Speaking About Electronic Discovery at Shmoocon

Posted in Information Security, Technology, e-discovery on January 15th, 2008 by admin – 2 Comments

While the website doesn’t reflect it yet, I received word that I’ll be presenting at Shmoocon 2008.  I’ll be talking about how the e-discovery process works, how organizations can reduce the cost of litigation, and how truly frightening the security surrounding e-discovery is.If you’re going to be there and would like to get together for a beverage…drop me a line. ###On a theoretically related note, the video and audio for my talks at DEFCON 15 should be available in their RSS feed soon. 

Data, Warranty Service and You

Posted in Apple, Information Security, Privacy, Technology on January 2nd, 2008 by admin – Be the first to comment

A couple years ago my trusty Dell laptop started to take a turn for the worst. Like many Windows users I could see the telltale signs that things were up. Our old friend, the Blue Screen of Death, reared its ugly head a few times and the system felt unstable in general. This was well outside my reinstall cycle so I quickly ran a full backup to make sure I didn’t lose everything and within an hour there was a lovely clicking noise coming from the hard disc.

I quickly dispensed with a couple first level help desk personnel and eventually found a person with authority to authorize a replacement for me. The drive would arrive in a couple days and as long as I was comfortable with it, I could do the replacement myself. Expecting a long wait without a laptop, I was pretty pleased until I learned the catch. I had to mail the old drive back to Dell for remanufacturing. I wasn’t about to send my drive anywhere, let alone to have my data given to some future participant in a similar process.

I explained that I wasn’t going to have it because there was sensitive information on the drive. Explaining to the support guy that I was obligated to keep the information secret, he put me on hold to find a solution. The only way that Dell would allow me to keep the drive was to sign an affidavit…which was fine with me until I read the affidavit which read that I was a US Government Contractor with classified material on the drive. I had neither.
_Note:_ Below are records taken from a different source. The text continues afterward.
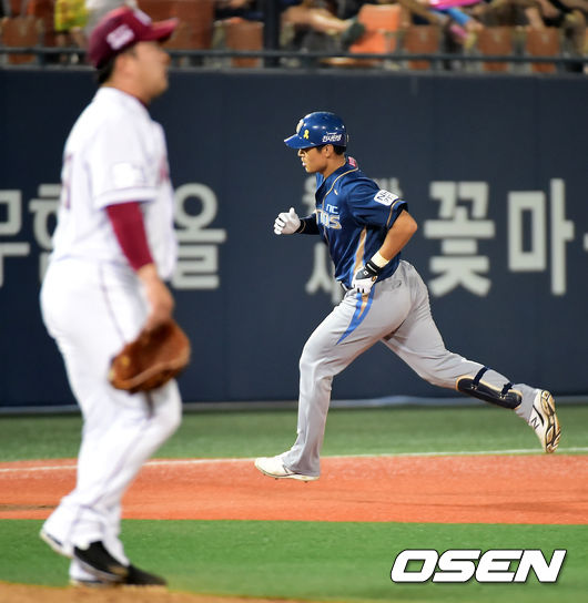 12일 오후 서울 목동야구장에서 열린 '2014 한국야쿠르트 세븐 프로야구' 넥센 히어로즈와 NC 다이노스의 경기, 9회초 1사 주자 1루 NC 조영훈이 우월 투런 홈런을 날린 후 그라운드를 돌고 있다.
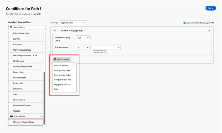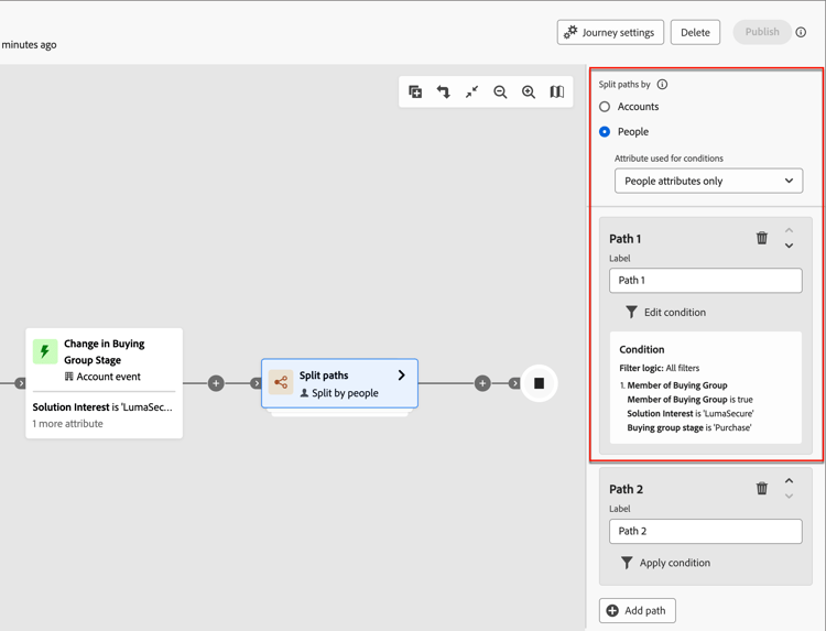 Usando um nó de caminho dividido, você pode filtrar no nível de conta ou no nível de pessoas de acordo com estágios de grupo de compra. Por exemplo, adicione um estágio de grupo de compra como uma condição de caminho ao dividir caminhos por membro do grupo de compra.
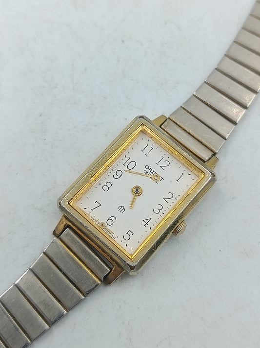 Orient Quarz Armbanduhr rechteckiges Gehäuse mit flexiblem Metallarmband im klassischen Stil
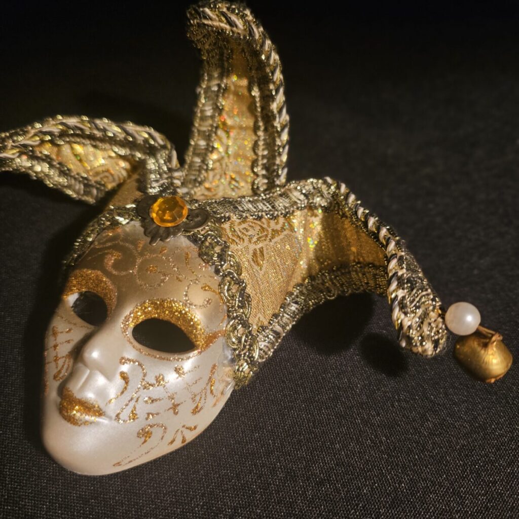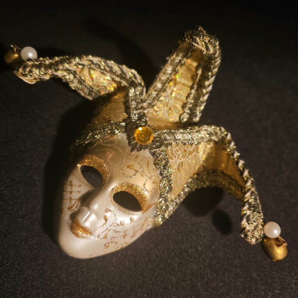 Miniatuurne Veneetsia mask – kuldne narr
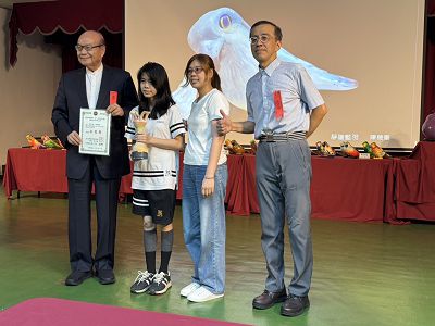 高總院長頒獎予冠軍金鶯獎得主、其右為家長、最右為楊乃翰理事長
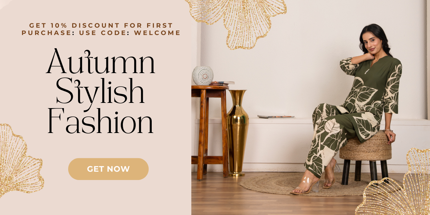 Pure Cotton Olive Green Leaf Printed Co-ord set
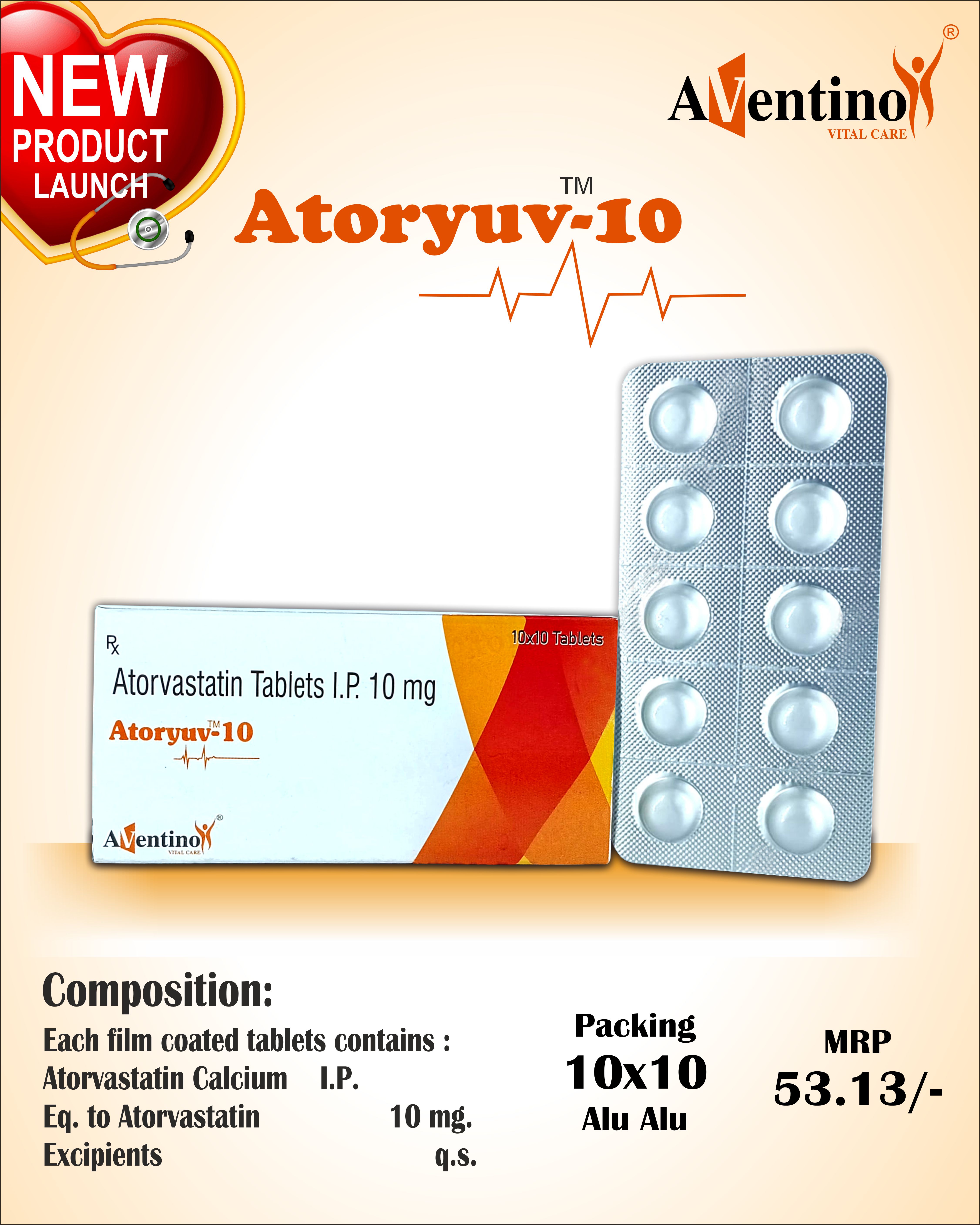 Atoryuv 10 | 10*10 | Atorvastatin Calcium I.P. 10mg Tablets | Details |
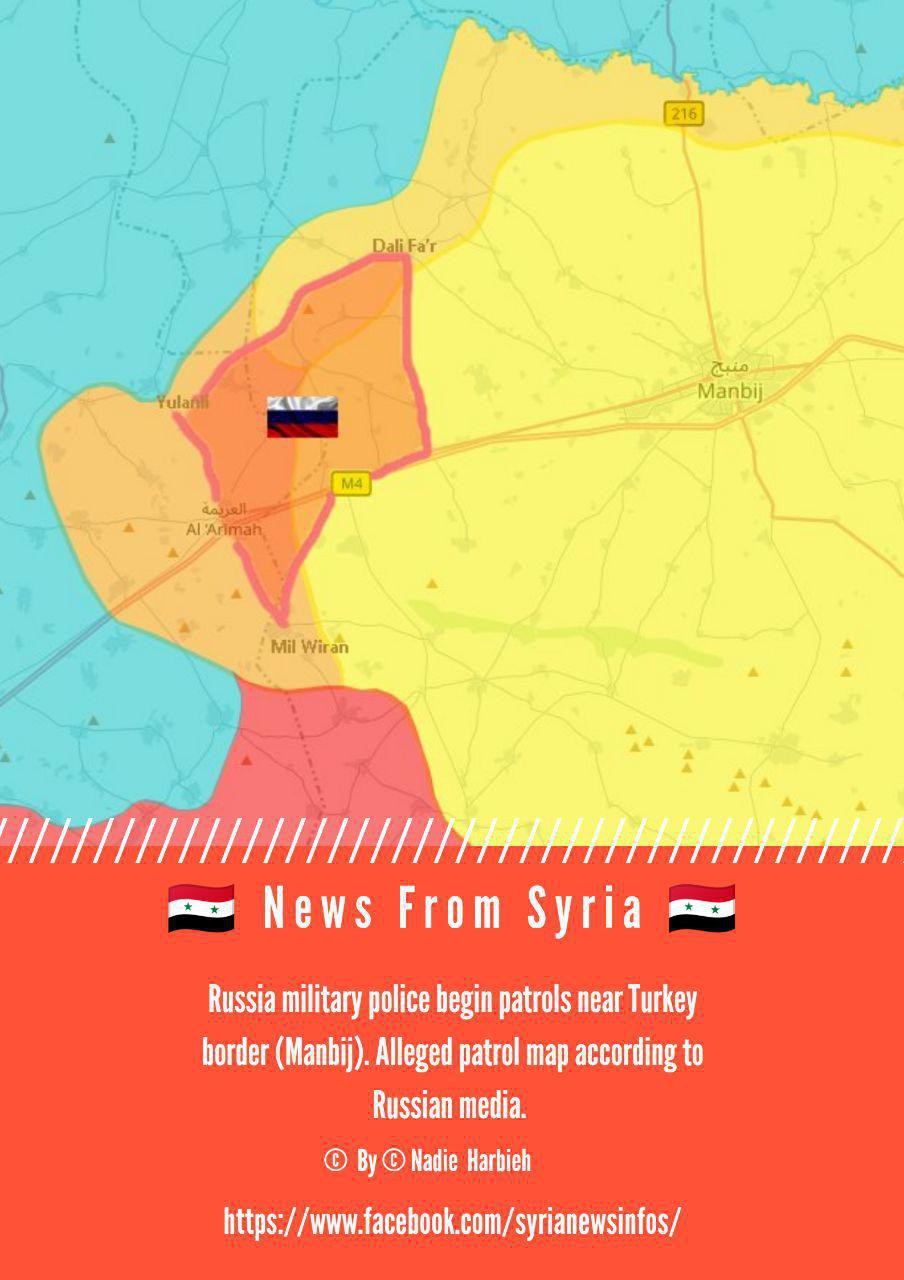 Российские военные приступили к патрулированию территории северо-западнее подконтрольного "Сирийским демократическим силам" г. Манбидж на севере Сирии.
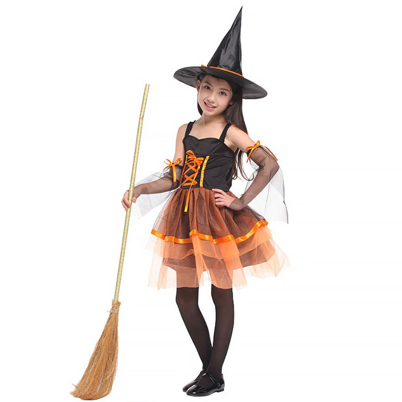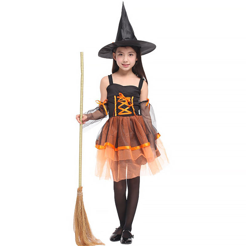 A layered orange-and-black witch dress with tulle skirt for a whimsical flair
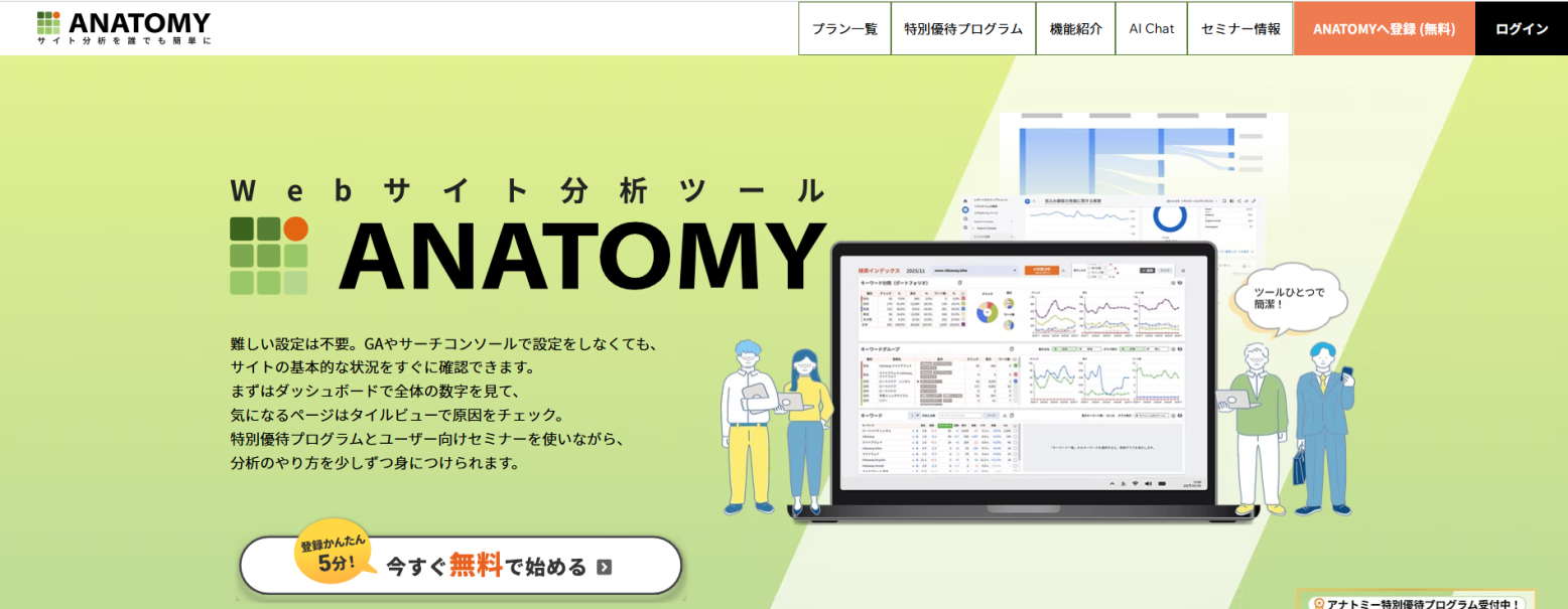 「AIアナリスト」は、AIがアクセス解析を⾃動で⾏って、重要な改善ポイントを教えてくれるツールです。12,000サイト以上を改善したノウハウで、Webサイトの膨大なデータを分析し、成果を伸ばすための改善ポイントをデータ根拠とともに届けます。Googleアナリティクスに連携するだけで利用可能で、設定は2分で終わります。まずは無料版からお試しください。
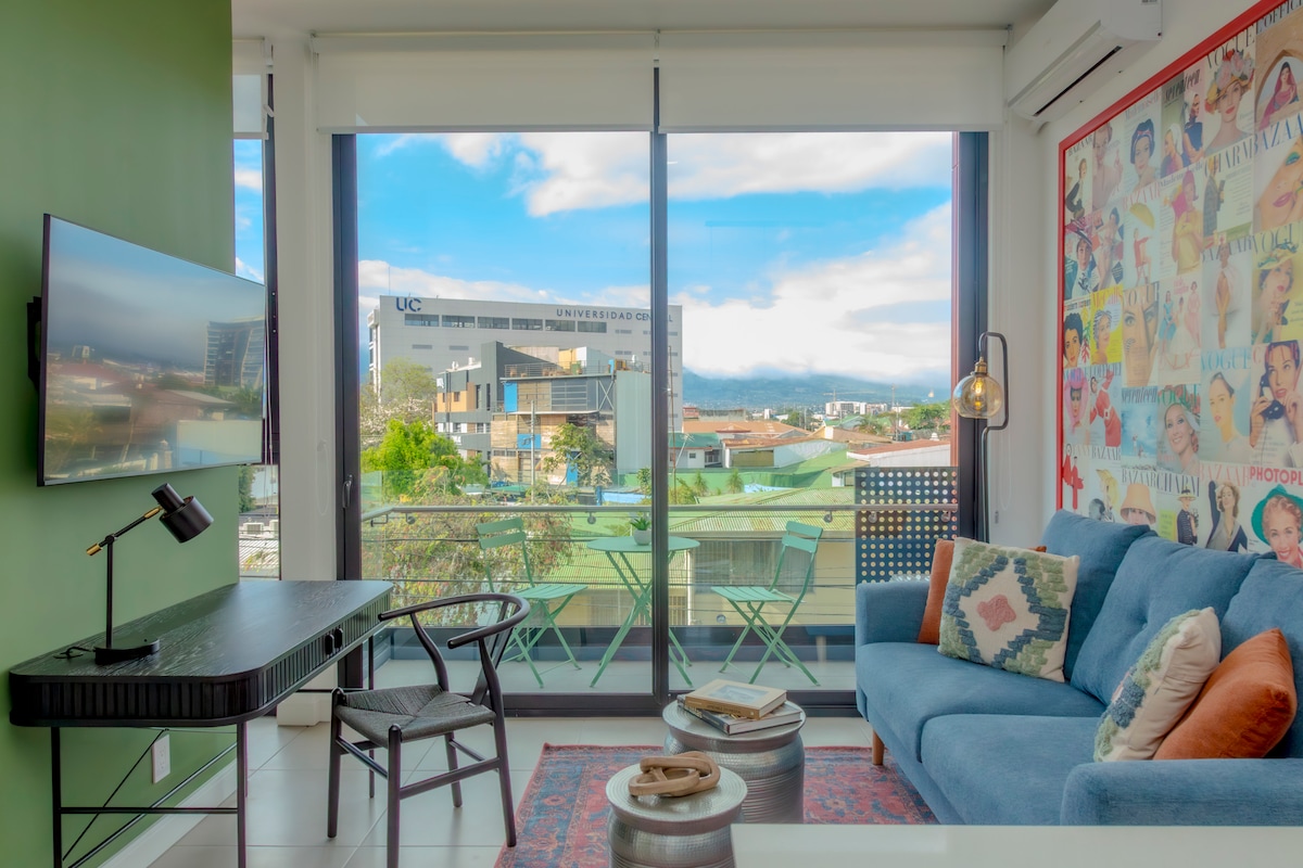 Discutons pour une arrivée anticipée GRATUITE Sécurité 24h/24 et 7j/7, SEUL immeuble avec stationnement pour une camionnette Levez-vous le matin jusqu'à la vue la plus magnifique sur le volcan Irazú, en profitant d'une tasse du café gastronomique costaricien le plus incroyable. Accédez aux équipements pour profiter d'une séance de détente dans le sauna ou le jacuzzi. Passez une journée de travail, puis sortez à 2 minutes à pied d'un délicieux restaurant, enfin chez vous, un lit queen confortable vous accueillera. Des tonnes de transports en commun disponibles, y compris une petite gare.
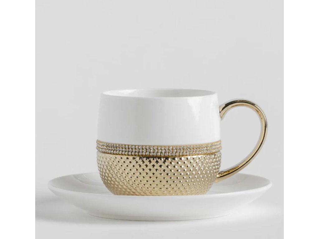 Mimoriadne elegantná šálka na kávu alebo čaj. Podšálku, ozdobenú zlatom, vypuklými bodkami a imitáciou malých diamantov, sprevádza biela podšálka.
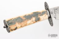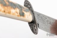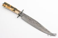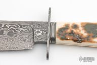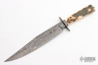 This Bowie by Master Smith Don Hanson III features a clip point Damascus blade with false top edge, .222" blade stock and 1.521" blade depth, mortise tang construction. The handle has a mosaic Damascus guard and collar, beautiful mammoth ivory grip with gold pins, Damascus butt and finial. Comes with a zippered case. Excellent condition. Really a stunning piece.
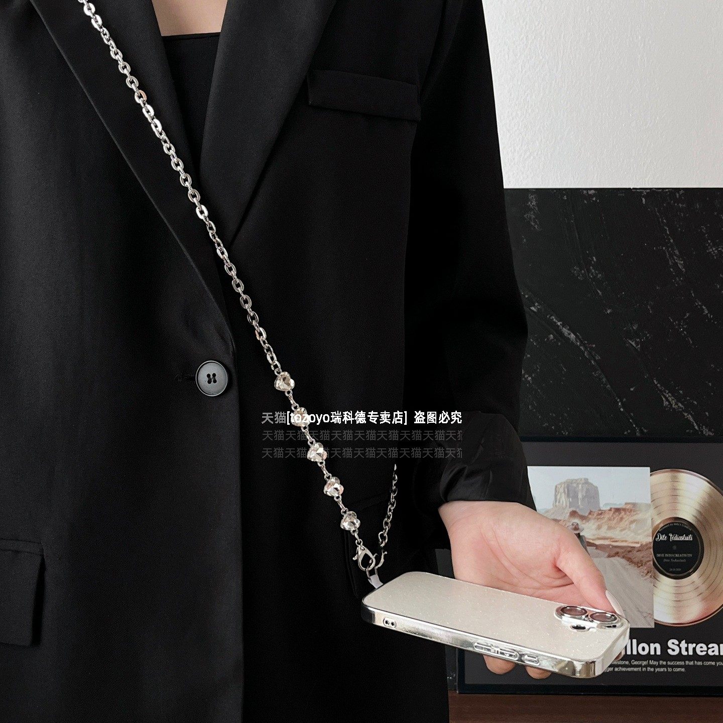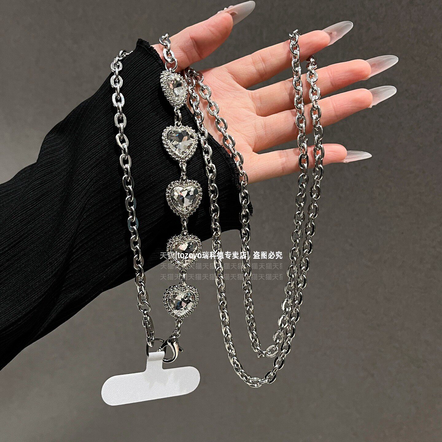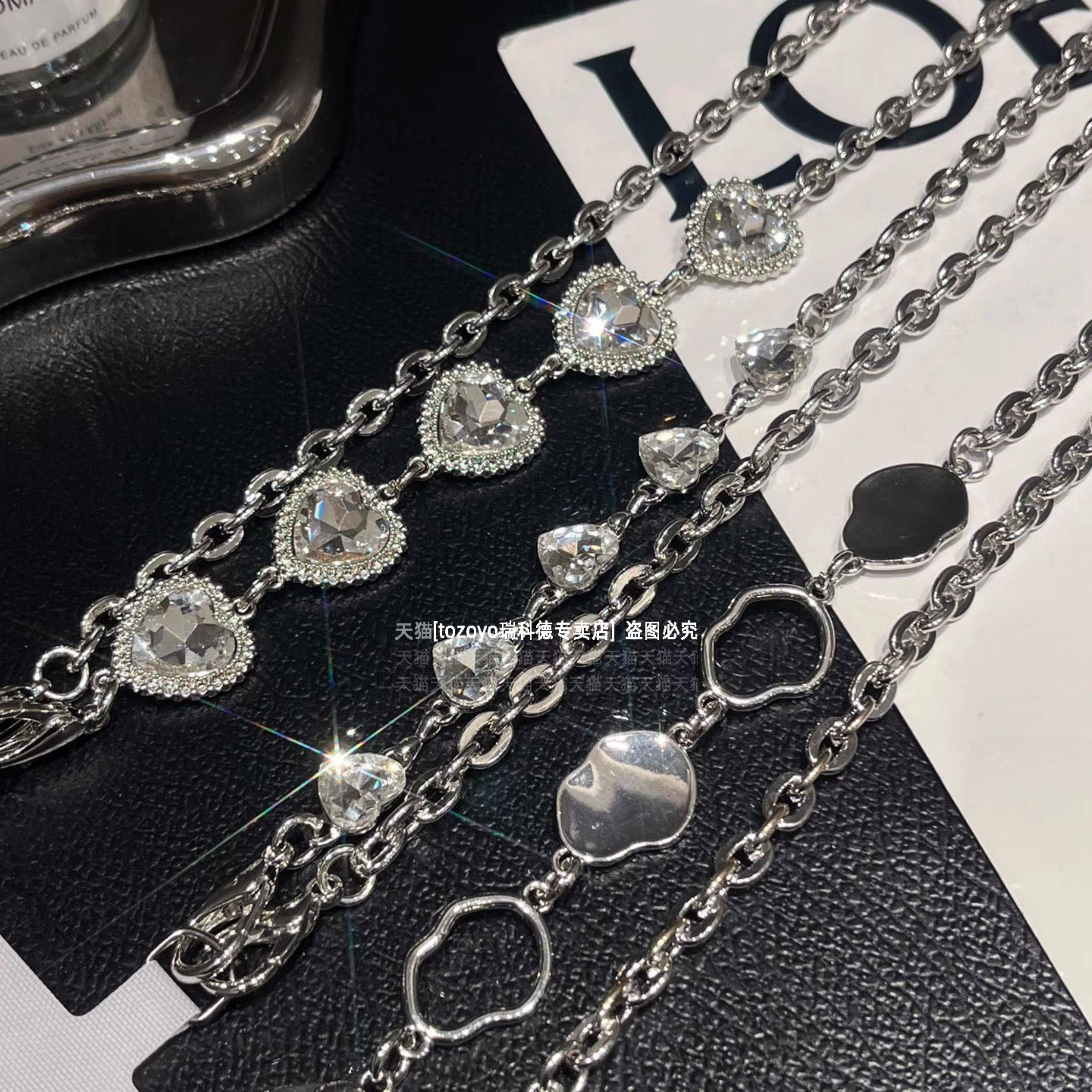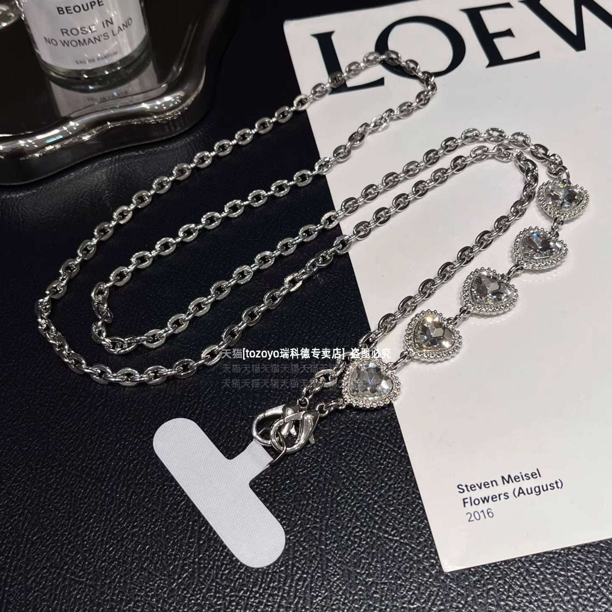 轻奢爱心钻金属手机链超闪精致背带链条高级感银色斜挎挂链斜背包包挂饰防丢挂绳高端名媛挂件闪钻艺术新款壳

After some critical thinking by both of us, we came to the conclusion that since Dell was expecting a drive with a mechanical problem that it could be in any form imaginable. This was a great deal because

  1. I got my first hands on experience with the inner workings of a laptop hard drive.
  2. I found out how hard it is to actually smash platters.
  3. Dell got a drive with some mechanical problems to salvage.

Fast forward to a couple months ago when the logic board on my Mac went out. It wouldn’t turn on so the girl at the Genius Bar went right into the paperwork. She explained that if the hard disc had to be replaced I wouldn’t be getting any of my old data back. I asked about receiving the old one for a while so I could try and retrieve the data in that case and she told me that couldn’t happen. I didn’t really sweat that since I had a week old backup at home. Then she brought the house down with this one..

What is your administrator password?

I looked at the other guy working the Genius Bar who knows my background a bit more and we both started to laugh. I needed a new logic board…there’s no reason for them to know any of my passwords…let alone the root. She said it was so they could test it to make sure it would boot. She was sympathetic and we both settled on something random to put on the form.

Is keeping hard drives a security issue as Dave Winer thinks? Not really.

Your machine belongs to the person at the keyboard whether it be you, the Geek Squad kid making $7 an hour and stealing all the porn he can find, or the guy who took your laptop out of the back seat of your Range Rover sporting that trendy Apple sticker.

This is one of the many reasons to use encryption. If I send my Mac to be serviced and the hard disc has to be replaced tomorrow I’m confident that the recipient has access to none of my information. While it’s true that Apple needs to take security more seriously and certainly shouldn’t be asking people for their passwords just keeping the drive is only a vulnerability if you make it so.

Something tells me that Bruce Schneier doesn’t lose sleep over this.

Will a New Trial Result in an Acquital for Julie Amero?

Posted in Information Security, Law, New Case Law, Technology on June 6th, 2007 by admin – 1 Comment

Julie Amero was granted a new trial by Judge Hillary Strackbein, paving the way for the facts of this case to be found anew.  The decision was based upon Judge Stackbein’s opinion that the jury may have relied on false information which was presented during trial.  This statement is surprisingly harsh in stating that the information and not the way it was presented was untrue.  While this is a victory for justice, the underlying circumstances which led to Ms. Amero’s initial conviction remain, and most individuals seem to be missing the point.  Ms. Amero had an attorney who lacked a basic understanding of the issue and expert witness who’s attitude and failure to prepare for trial.  In the confusion which ensued, the jury failed to correctly apply the facts to the law and convicted her of on an improper basis.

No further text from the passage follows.